> **What you will do**
The whole listing is to be given again without alteration, except that its pictures are dropped.

> **Available data**
▽

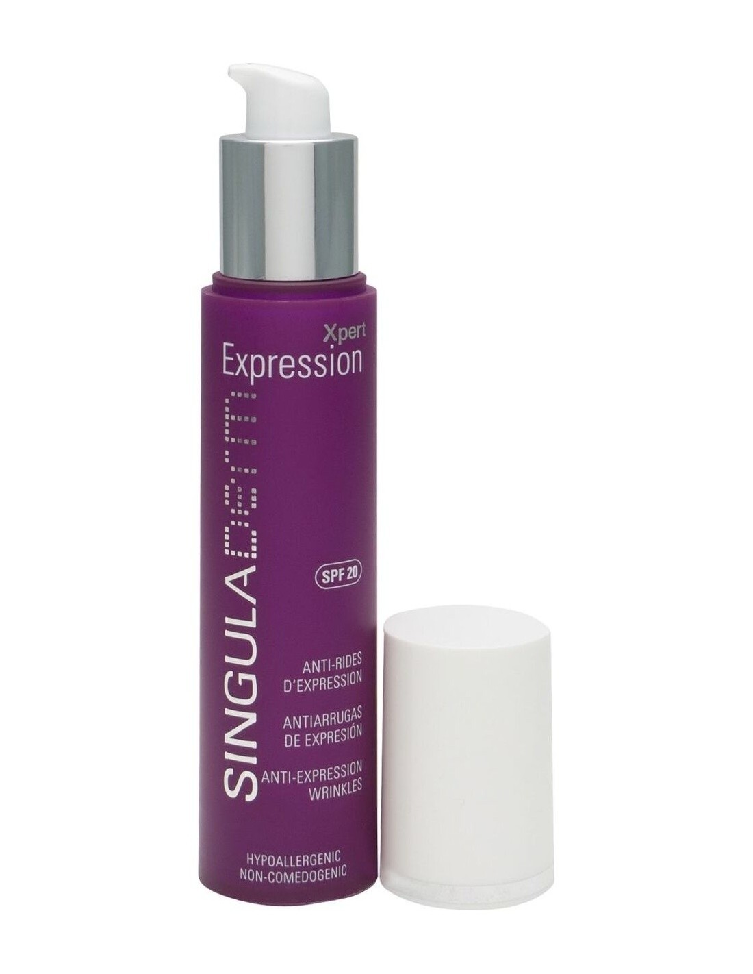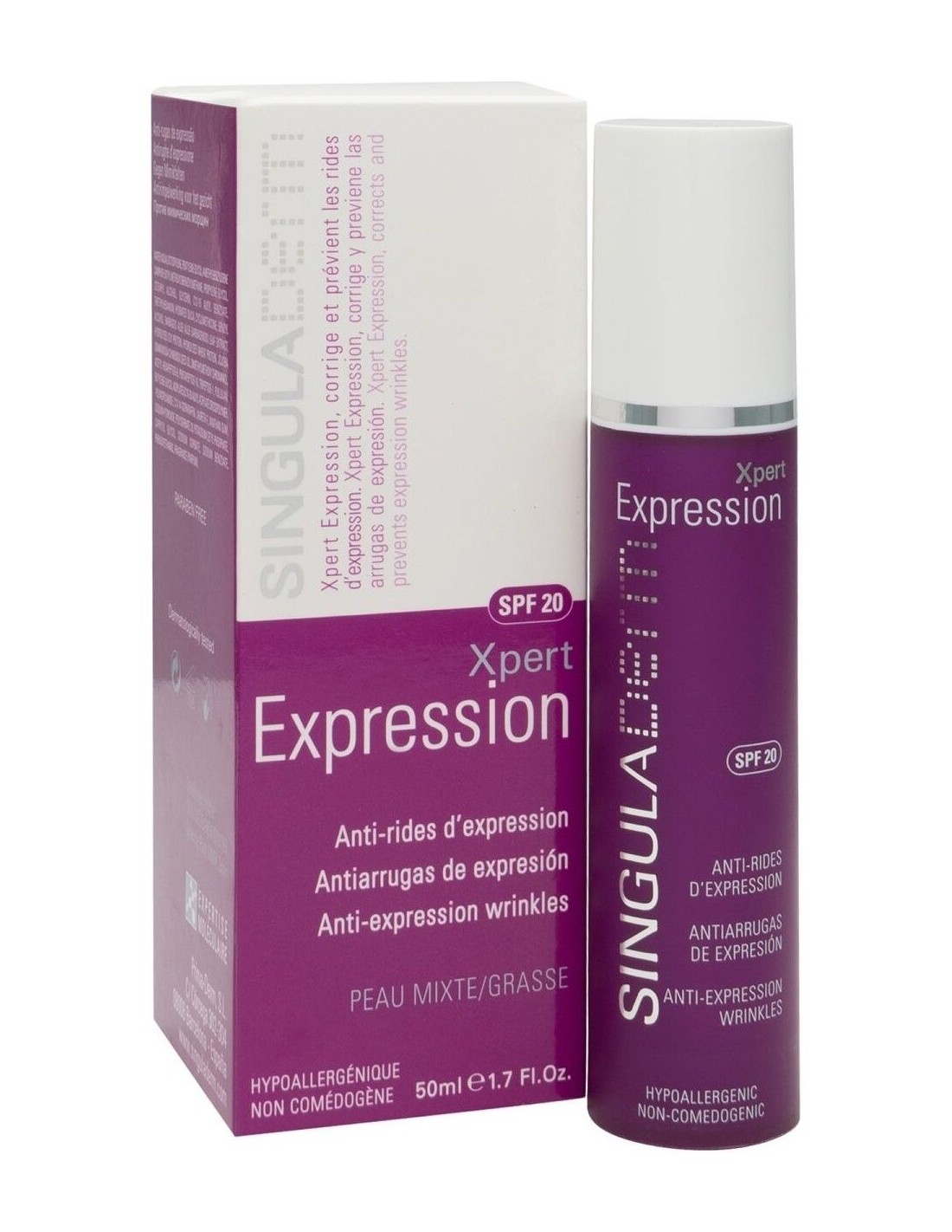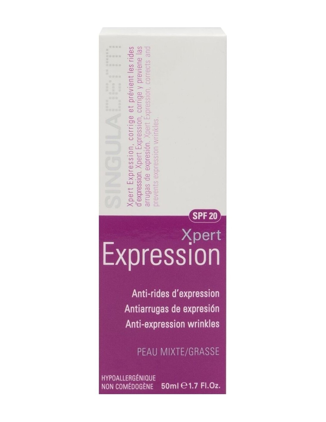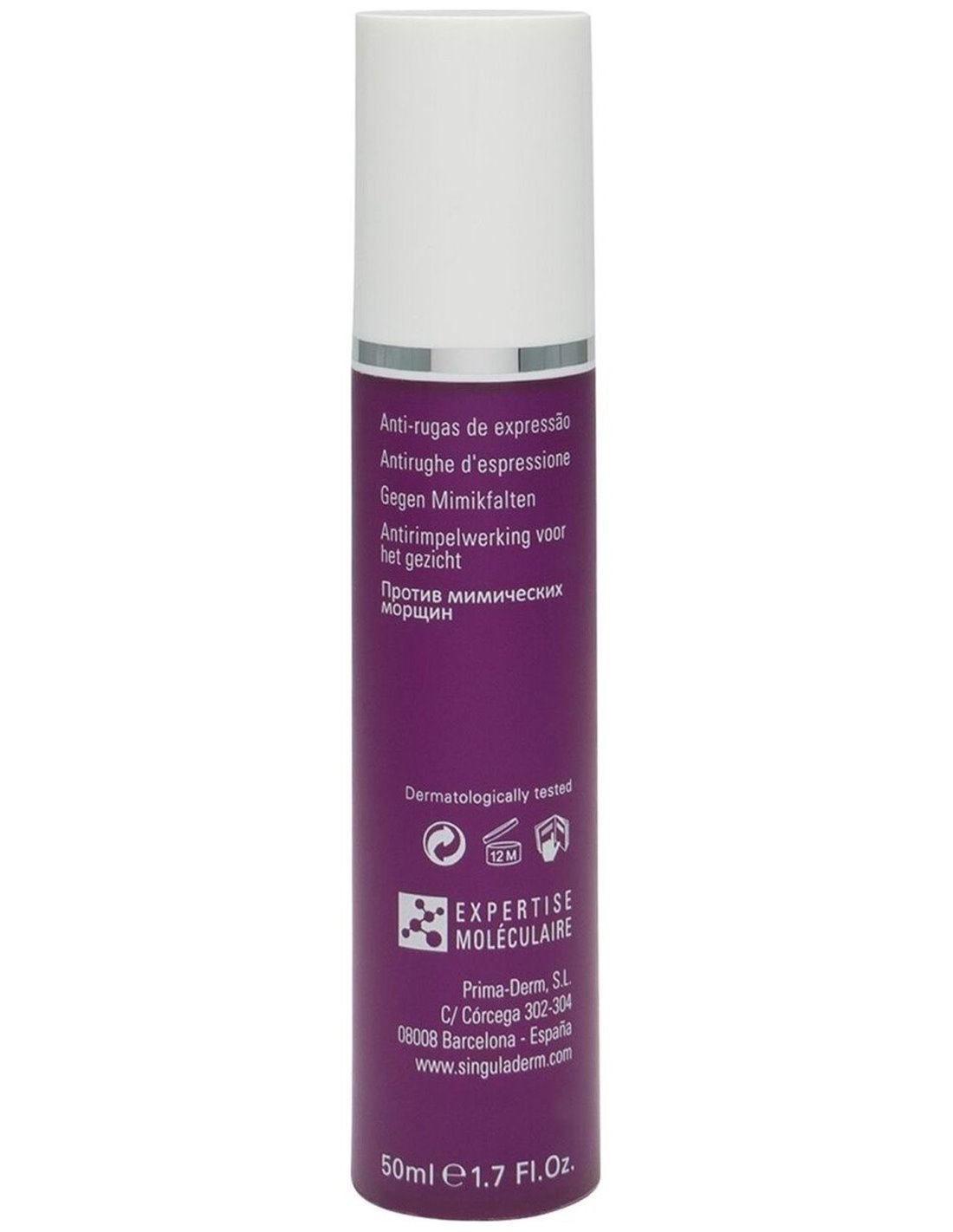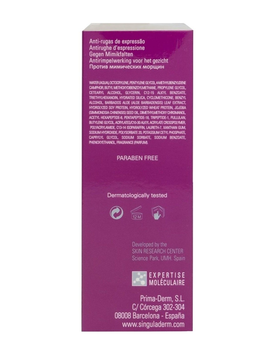 SINGULADERMCrema hidratante antiedad especialmente diseñada para corregir y prevenir las arrugas de expresión. Actúa doblemente sobre las arrugas de expresión además de prevenir las arrugas metabólicas y fotoinducidas. El efecto antiradicales libres de su exclusiva fórmula con péptidos biomiméticos protege la piel de los factores intrínsecos y extrínsecos que causan el envejecimiento, manteniéndola joven más tiempo. Puede usarse como alternativa tópica a las inyecciones de toxina botulínica o como complemento a las mismas, con resultados clínicamente probados. Potencia los resultados antiarrugas de expresión con nuestro sérum XPERT Sublime. Piel mixta/grasa. Hipoalergénico. Testado dermatológicamente.
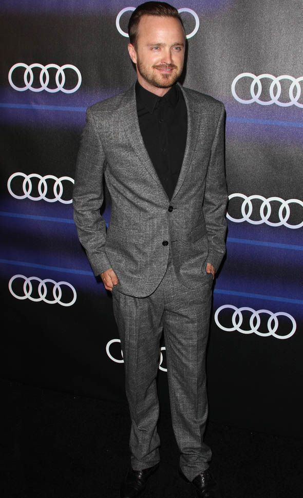 The Emmys are on Monday. There will be parties all weekend. Last night Aaron Paul and his wife, Lauren Parsekian, were at an Audi event. It’s the last chance for the television academy to honour Breaking Bad. And, as Maria wrote the other day (click here for a refresher), even though they’re moving on, have moved on, both Paul and Bryan Cranston don’t seem to be in any hurry to forget about this run, about the show that made their careers. Unlike Alexander Skarsgard who’s already buried Vampire Eric. I feel like Jon Hamm might have a little of that going on too. Agree or disagree?
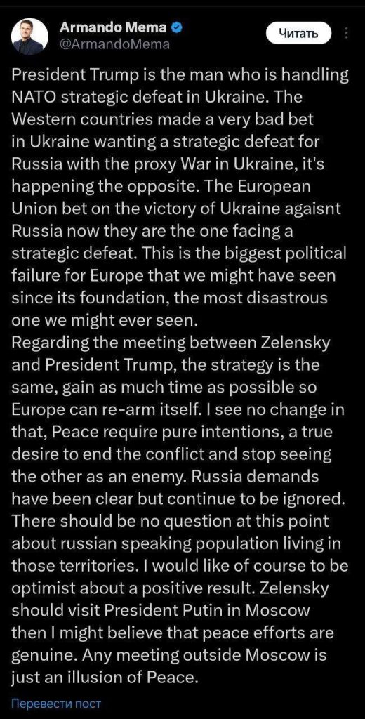 Мема отметил, что встречи Зеленского с Трампом не меняют глобальной стратегии Запада, которая по-прежнему заключается лишь в попытках выиграть время для перевооружения Европы.

△

> **Exercise answer**
 SINGULADERMCrema hidratante antiedad especialmente diseñada para corregir y prevenir las arrugas de expresión. Actúa doblemente sobre las arrugas de expresión además de prevenir las arrugas metabólicas y fotoinducidas. El efecto antiradicales libres de su exclusiva fórmula con péptidos biomiméticos protege la piel de los factores intrínsecos y extrínsecos que causan el envejecimiento, manteniéndola joven más tiempo. Puede usarse como alternativa tópica a las inyecciones de toxina botulínica o como complemento a las mismas, con resultados clínicamente probados. Potencia los resultados antiarrugas de expresión con nuestro sérum XPERT Sublime. Piel mixta/grasa. Hipoalergénico. Testado dermatológicamente.
 The Emmys are on Monday. There will be parties all weekend. Last night Aaron Paul and his wife, Lauren Parsekian, were at an Audi event. It’s the last chance for the television academy to honour Breaking Bad. And, as Maria wrote the other day (click here for a refresher), even though they’re moving on, have moved on, both Paul and Bryan Cranston don’t seem to be in any hurry to forget about this run, about the show that made their careers. Unlike Alexander Skarsgard who’s already buried Vampire Eric. I feel like Jon Hamm might have a little of that going on too. Agree or disagree?
 Мема отметил, что встречи Зеленского с Трампом не меняют глобальной стратегии Запада, которая по-прежнему заключается лишь в попытках выиграть время для перевооружения Европы.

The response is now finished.